What you should do » From the first line of the records down to the one that holds "Where Empires Sleep", transcribe each line exactly and add nothing.

Excerpted records »

____

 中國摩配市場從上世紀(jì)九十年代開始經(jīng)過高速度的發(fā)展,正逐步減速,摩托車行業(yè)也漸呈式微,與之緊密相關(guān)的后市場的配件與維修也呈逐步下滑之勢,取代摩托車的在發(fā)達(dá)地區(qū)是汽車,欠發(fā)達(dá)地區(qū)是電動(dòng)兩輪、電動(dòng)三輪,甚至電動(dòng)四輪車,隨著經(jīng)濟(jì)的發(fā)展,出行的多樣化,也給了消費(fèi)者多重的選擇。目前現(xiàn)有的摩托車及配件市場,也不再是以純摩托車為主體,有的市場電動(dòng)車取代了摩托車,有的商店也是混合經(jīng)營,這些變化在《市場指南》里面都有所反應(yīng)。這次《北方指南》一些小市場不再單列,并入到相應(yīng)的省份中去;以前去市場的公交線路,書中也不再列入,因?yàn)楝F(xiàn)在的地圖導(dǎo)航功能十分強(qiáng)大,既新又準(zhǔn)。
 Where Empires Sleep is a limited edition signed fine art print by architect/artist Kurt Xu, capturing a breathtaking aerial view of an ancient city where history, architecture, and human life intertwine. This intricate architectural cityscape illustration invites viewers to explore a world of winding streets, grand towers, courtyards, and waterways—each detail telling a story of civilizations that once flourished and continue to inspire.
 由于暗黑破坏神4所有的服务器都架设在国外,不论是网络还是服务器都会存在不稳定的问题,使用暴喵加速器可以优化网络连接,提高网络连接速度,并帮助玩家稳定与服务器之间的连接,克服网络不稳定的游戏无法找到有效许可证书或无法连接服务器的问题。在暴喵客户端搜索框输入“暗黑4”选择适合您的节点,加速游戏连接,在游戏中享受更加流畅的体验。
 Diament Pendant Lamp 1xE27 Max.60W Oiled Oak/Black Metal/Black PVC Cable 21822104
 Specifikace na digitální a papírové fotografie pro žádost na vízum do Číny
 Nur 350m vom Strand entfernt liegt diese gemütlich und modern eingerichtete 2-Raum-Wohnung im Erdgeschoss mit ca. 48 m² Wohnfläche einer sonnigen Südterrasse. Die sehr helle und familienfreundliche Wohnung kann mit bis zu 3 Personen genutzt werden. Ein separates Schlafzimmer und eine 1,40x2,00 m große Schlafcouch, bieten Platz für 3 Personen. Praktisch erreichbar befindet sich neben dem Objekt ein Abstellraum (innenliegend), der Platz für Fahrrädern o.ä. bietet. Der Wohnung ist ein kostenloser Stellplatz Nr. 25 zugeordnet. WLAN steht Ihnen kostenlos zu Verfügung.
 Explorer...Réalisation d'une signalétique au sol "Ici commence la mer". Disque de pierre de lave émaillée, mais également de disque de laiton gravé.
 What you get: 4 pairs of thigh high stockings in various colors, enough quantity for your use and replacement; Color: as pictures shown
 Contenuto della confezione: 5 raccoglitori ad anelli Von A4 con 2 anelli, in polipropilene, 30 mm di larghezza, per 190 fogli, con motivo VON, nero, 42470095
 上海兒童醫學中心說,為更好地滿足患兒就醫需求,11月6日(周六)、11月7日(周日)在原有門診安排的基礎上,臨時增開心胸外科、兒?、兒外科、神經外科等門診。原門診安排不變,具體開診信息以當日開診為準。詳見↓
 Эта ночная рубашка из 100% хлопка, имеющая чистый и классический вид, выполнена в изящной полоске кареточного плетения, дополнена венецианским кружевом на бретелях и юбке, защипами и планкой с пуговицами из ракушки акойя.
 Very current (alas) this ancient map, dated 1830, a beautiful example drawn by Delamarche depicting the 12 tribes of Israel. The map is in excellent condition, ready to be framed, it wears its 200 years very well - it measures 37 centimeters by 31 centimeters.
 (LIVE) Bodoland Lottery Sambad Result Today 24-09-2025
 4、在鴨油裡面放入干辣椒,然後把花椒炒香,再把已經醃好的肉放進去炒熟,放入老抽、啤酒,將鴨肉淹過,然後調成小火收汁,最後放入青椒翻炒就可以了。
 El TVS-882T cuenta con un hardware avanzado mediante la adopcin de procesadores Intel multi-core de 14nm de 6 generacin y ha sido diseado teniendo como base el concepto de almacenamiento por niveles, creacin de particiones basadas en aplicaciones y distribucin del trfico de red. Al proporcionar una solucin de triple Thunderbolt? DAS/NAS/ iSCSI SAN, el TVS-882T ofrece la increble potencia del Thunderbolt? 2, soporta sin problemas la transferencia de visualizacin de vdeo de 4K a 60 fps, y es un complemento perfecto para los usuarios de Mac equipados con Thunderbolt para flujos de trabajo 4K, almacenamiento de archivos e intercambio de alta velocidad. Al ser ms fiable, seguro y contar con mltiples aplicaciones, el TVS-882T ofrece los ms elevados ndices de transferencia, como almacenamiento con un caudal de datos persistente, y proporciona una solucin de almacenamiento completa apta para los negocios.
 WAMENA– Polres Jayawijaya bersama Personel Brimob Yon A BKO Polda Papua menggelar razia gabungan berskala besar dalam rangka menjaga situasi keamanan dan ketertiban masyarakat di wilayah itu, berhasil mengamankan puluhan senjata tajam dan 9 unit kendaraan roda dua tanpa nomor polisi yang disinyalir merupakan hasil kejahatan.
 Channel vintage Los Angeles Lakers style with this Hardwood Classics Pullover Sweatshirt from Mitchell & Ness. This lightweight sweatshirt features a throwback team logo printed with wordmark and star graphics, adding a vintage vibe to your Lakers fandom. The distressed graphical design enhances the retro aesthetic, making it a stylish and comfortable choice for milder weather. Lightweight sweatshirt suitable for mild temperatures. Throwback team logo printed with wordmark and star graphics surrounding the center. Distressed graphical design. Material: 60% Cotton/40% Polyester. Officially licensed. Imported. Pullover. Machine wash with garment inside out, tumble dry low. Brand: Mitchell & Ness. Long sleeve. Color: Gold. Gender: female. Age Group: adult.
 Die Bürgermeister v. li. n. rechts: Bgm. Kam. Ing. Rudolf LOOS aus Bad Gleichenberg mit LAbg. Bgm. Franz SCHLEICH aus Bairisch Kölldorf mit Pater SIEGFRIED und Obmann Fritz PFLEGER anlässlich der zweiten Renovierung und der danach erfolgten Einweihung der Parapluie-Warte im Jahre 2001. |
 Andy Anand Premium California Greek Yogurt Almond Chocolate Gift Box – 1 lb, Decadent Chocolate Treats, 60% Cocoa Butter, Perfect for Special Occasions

____

Solution to this exercise »
 中國摩配市場從上世紀(jì)九十年代開始經(jīng)過高速度的發(fā)展,正逐步減速,摩托車行業(yè)也漸呈式微,與之緊密相關(guān)的后市場的配件與維修也呈逐步下滑之勢,取代摩托車的在發(fā)達(dá)地區(qū)是汽車,欠發(fā)達(dá)地區(qū)是電動(dòng)兩輪、電動(dòng)三輪,甚至電動(dòng)四輪車,隨著經(jīng)濟(jì)的發(fā)展,出行的多樣化,也給了消費(fèi)者多重的選擇。目前現(xiàn)有的摩托車及配件市場,也不再是以純摩托車為主體,有的市場電動(dòng)車取代了摩托車,有的商店也是混合經(jīng)營,這些變化在《市場指南》里面都有所反應(yīng)。這次《北方指南》一些小市場不再單列,并入到相應(yīng)的省份中去;以前去市場的公交線路,書中也不再列入,因?yàn)楝F(xiàn)在的地圖導(dǎo)航功能十分強(qiáng)大,既新又準(zhǔn)。
 Where Empires Sleep is a limited edition signed fine art print by architect/artist Kurt Xu, capturing a breathtaking aerial view of an ancient city where history, architecture, and human life intertwine. This intricate architectural cityscape illustration invites viewers to explore a world of winding streets, grand towers, courtyards, and waterways—each detail telling a story of civilizations that once flourished and continue to inspire.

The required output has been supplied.